Den Anfang macht Michaela Sauerwein, Leiterin Mitgliedschaftsmanagement des ADAC, München. Ihr Thema: die digitale Transformation. Natürlich kommt sie nicht umhin, zunächst auf die Reihe von Skandalen des Automobilclubs einzugehen, die jüngst publik wurden. Sie nimmt es sportlich: „Die Krise hilft uns.“ Ist aber gleich in medias res: dem Wandel vom kleinen Verein zum Großkonzern, den der ADAC in seiner 111-jährigen Geschichte durchlaufen hat. „Transformation ist für uns etwas Alltägliches“, sagt Sauerwein. Lediglich ihr Tempo habe enorm zugenommen. Als Treiber der Veränderungen sieht sie vor allem die Technologie und neue Bedürfnisse der Mitglieder. Genau genommen eines Teils von ihnen. Denn – das betont Sauerwein – nicht jedes der 19 Millionen Mitglieder ist bereit, jeden Trend mitzumachen. Einer eigenen Hochrechnung zufolge bedeutet dies, dass im Jahr 2020 drei von fünf ADAC-Mitgliedern mit der digitalen Welt vertraut sind (Digital Natives und Digital Immigrants), die anderen dagegen nicht. Demnach müssen zumindest diese beiden Gruppen unterschiedlich angesprochen werden.

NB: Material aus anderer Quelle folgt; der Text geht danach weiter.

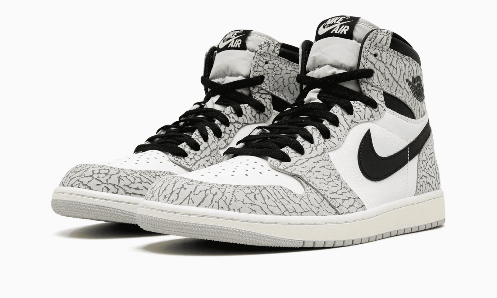 Let’s talk about that print. The Jordan 1 White Cement doesn't use the print sparingly. It’s everywhere. From the mudguard to the eyestays and the heel counter, that crackled grey-and-black pattern dominates the visual space. Underneath, you’ve got a crisp white leather base. It’s simple. It’s jarring.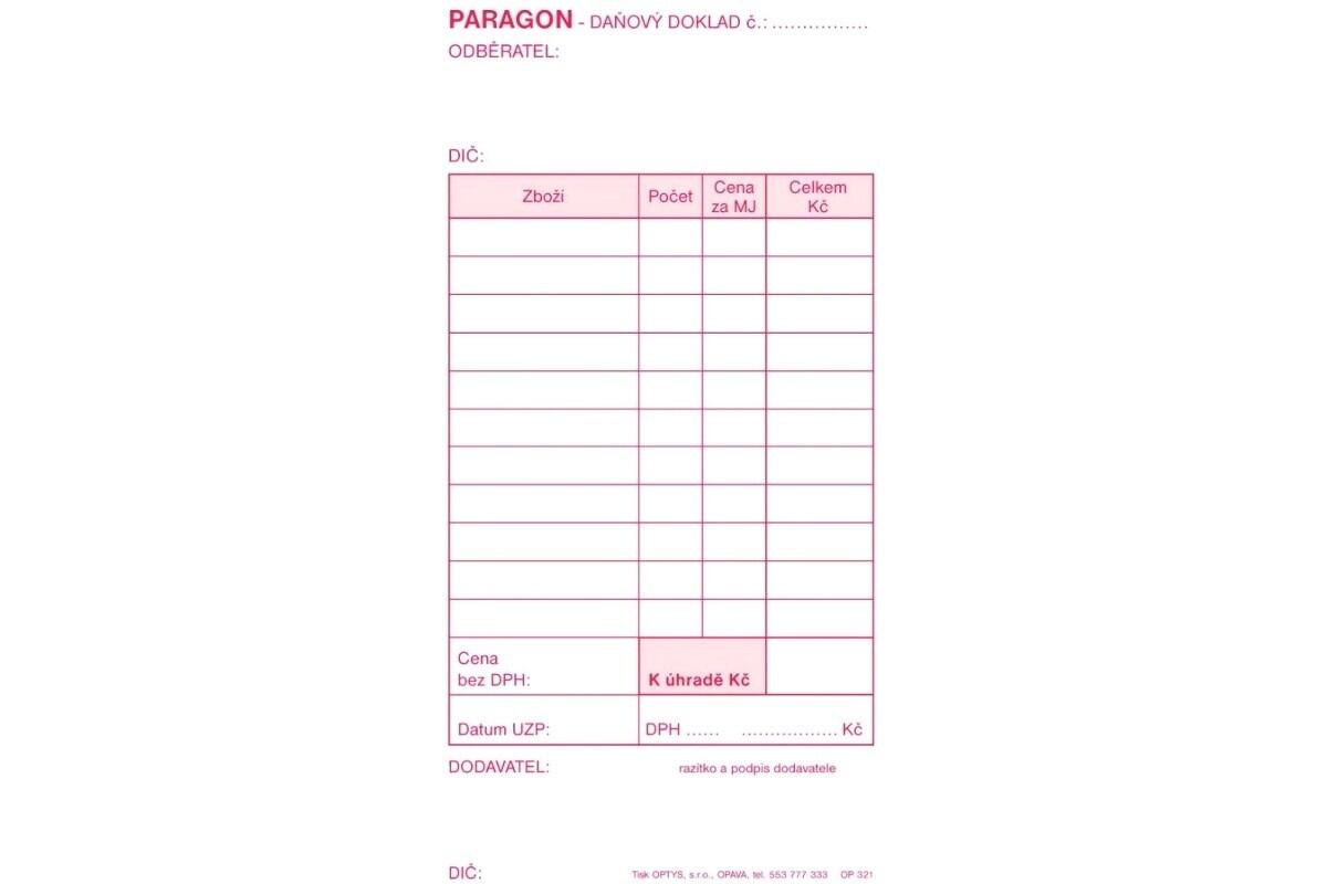Tiskopis Paragon obchodní Optys, 75x148 mm, samopropisovací, 50 listů

Natürlich auch heute schon: Während die einen auf der althergebrachten Notrufsäule bestehen, verlangen die anderen sie als App auf dem Smartphone. „Wir wollen beiden Gruppen gerecht werden und die Menschen dort abholen, wo sie sind“, umreißt Sauerwein die Aufgabe für die Gegenwart und die nahe Zukunft.
Wie eine Marke dem Kunden näher kommt, erläutert Carla Meinhard, Senior Manager CRM bei Coca-Cola Deutschland, Berlin. Der Getränkekonzern hat 2008 sein erstes CRM-Programm aufgesetzt. Seit Jahresbeginn richte es sich nicht mehr an die Masse der Coke-Trinker, sondern an diejenigen, die lediglich zwei- oder dreimal pro anno zur Flasche mit der braunen Brause greifen. Nun sollen sie überzeugt werden. „Das geht nur mittels individuell zugeschnittenem Content“, sagt Meinhard. Dazu sind Informationen über die Kunden nötig, die ihre Interessen beschreiben. „Anfangs fragen wir nur wenige Daten ab, erst nach und nach werden es mehr.“
Der Aufwand, den Coca-Cola betreibt, ist groß. Inzwischen wird der CRM-Managerin zufolge die Website etwa an die Herkunft des Nutzers und sein Surf-Verhalten angepasst. Wer über Tagesschau.de auf die Site kommt, sieht andere Inhalte als der, der zuletzt auf Bravo.de war. Die Mutter, die den Account ihrer Tochter verwendet, wird an ihren abweichenden Gewohnheiten erkannt und bekommt daraufhin andere Inhalte gezeigt als ihr Sprössling. „Alles, was wir machen, wird gemessen. Aber es steht nicht mehr die Technik im Vordergrund, sondern die Analyse und die daraus abgeleitete Aktion“, erklärt Meinhard.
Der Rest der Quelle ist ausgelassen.